幸村「おっせーよ。ほら皿と箸な、落とすなよ!」


体勢を戻す前に幸村の楽しそうな声が聞こえてきて、お箸とお皿を持たされた。

お皿には食べ物が乗っているらしく私が手を引っ込めたら上物の羽織を汚してしまうだろう。


「け、謙信様、このままでいいんですか?
 もう少し離れた方がいいですよね?」

謙信「このままで良い」


短い返事からは彼の機嫌がどうなのか判別が難しい。怒らないって言っていたけど、物凄く嫌そうにしていたらそれはそれで悲しい。

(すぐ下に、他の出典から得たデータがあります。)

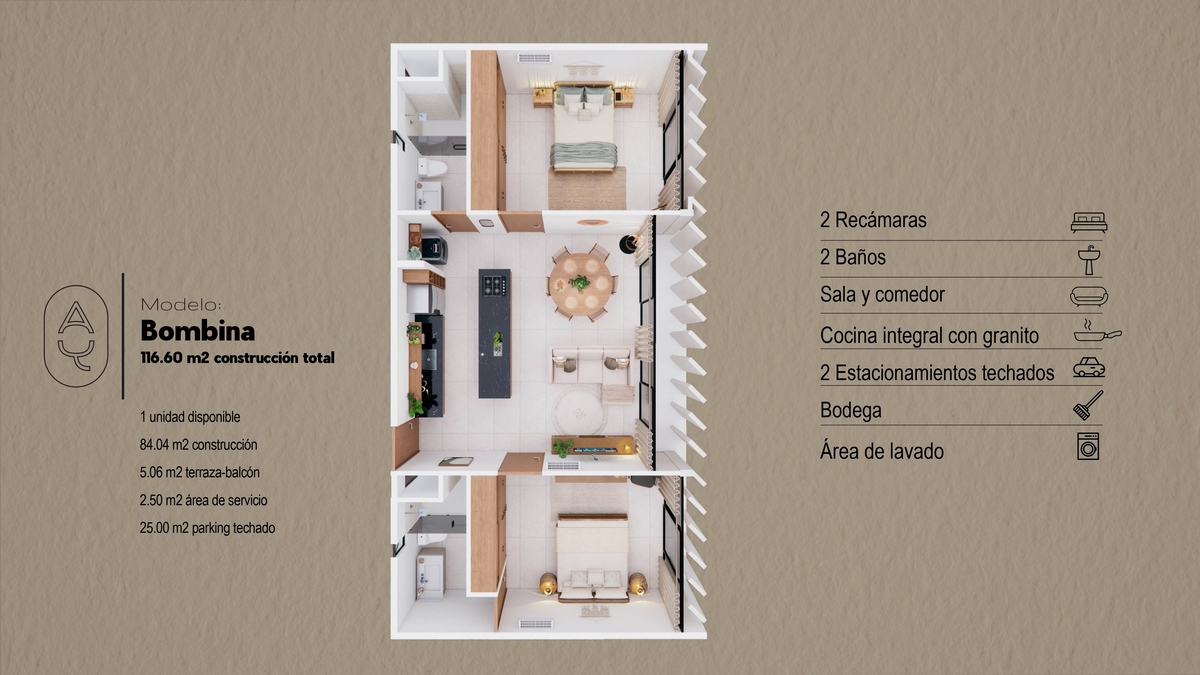 *Disponibilidade e preços sujeitos a alteração sem aviso prévio.Anura es un complejo de 28 departamentos, cada uno de ellos con balcón y acceso a todas las amenidades, que se distribuyen en nuestras 5 plantas.

幸村「ほら、早く皿のかまぼこを謙信様に食わせてみせろよ」

「今度はかまぼこなの?掴みにくそう…。
 ん?その前にかまぼこはどこなのよ?」


空中で箸をカシカシと空振りさせると皆が笑った。

ツルツルするかまぼこを掴むだけで手間取り、皆のアドバイスをもとに箸を動かしていく。


佐助「もう少し下……かな」

「かな?じゃなくて、お願いだよ、佐助君~~。
 外したら私の命がかかってるんだから」

幸村「ぶっ、まさかだろ。このくらいで大げさな奴だな」


女嫌いの人に抱きついている私の緊張感を幸村はぜんぜん理解してくれない。
ケラケラ笑う幸村にかまぼこを投げつけたくなった。


(失敗したらどうなると思ってんの、幸村のバカー!)


密着している体はすごく逞しくて、鍛えられているんだと嫌でもわかる。意識しないなんてムリだ。

耳の奥がドクドクと脈打ち、盛んにさえずっているはずの鳥たちの声も聞こえない。